NGOs gained influence under von der Leyen, while companies lost theirs

NGOs had much more contact with the European Commission under Ursula von der Leyen, compared with her predecessor Jean-Claude Juncker.

Between 2019 and 2024, there were 2,747 meetings between the European Commission and NGOs, 200 more than under Juncker’s presidency, said the German news outlet table.media.


The whole piece is worth reading as a reminder of how NGOs have embedded themselves in EU decision-making processes.


WWF received several grants from the European Commission. For example, WWF’s European Policy Office received €625,000 for a programme.

According to WWF’s own annual report, it received €1,296,249 from the European Union & Public Sector Partnership (PSP) in 2023 alone.

Transport & Environment (or T&E), which advocates for a zero-emission transport and energy system, successfully pushed the EU to end sales of new combustion engine cars and vans by 2035.
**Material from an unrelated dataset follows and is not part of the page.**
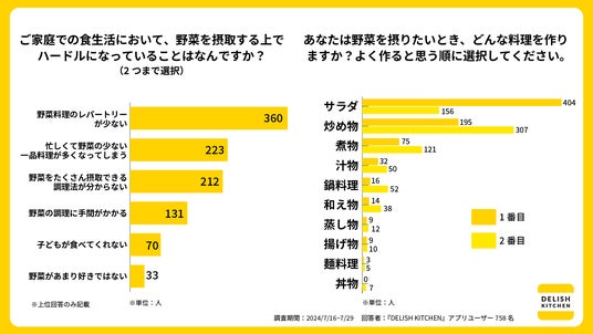 『DELISH KITCHEN』のアプリユーザー758人を対象に実施したアンケートでは、家庭での食生活で野菜を摂取する上でハードルになっていることについて、「野菜料理のレパートリーが少ない」「野菜をたくさん摂取できる調理法が分からない」など、レシピに関する課題が浮き彫りになりました。また、「野菜を摂りたいとき、どんな料理を作りますか?」という設問では、「サラダ」と「炒め物」に回答が集中し、野菜を活用した調理方法のバリエーションが限定的であることがわかりました。

Many car industry members regard the move as a death blow to the German car industry.


1 comment:

Sam Vega said...

The EU has a clear choice here. It can listen to businesses, with their practical knowledge of what the customer wants, how to produce it, and how to deliver it; or it can listen to another organisation. No other organisation will have as clear an understanding of what the customer wants, as their jobs don't depend on it. No other organisation actually makes or distributes what the business does. In addition, it seems very likely that NGOs will have a distorted ideological view of what is going on. This seems to be about Hayek's point that prices communicate information.

Either Fond of Lyin' is an idiot, or she is revealing her long-term communist plan.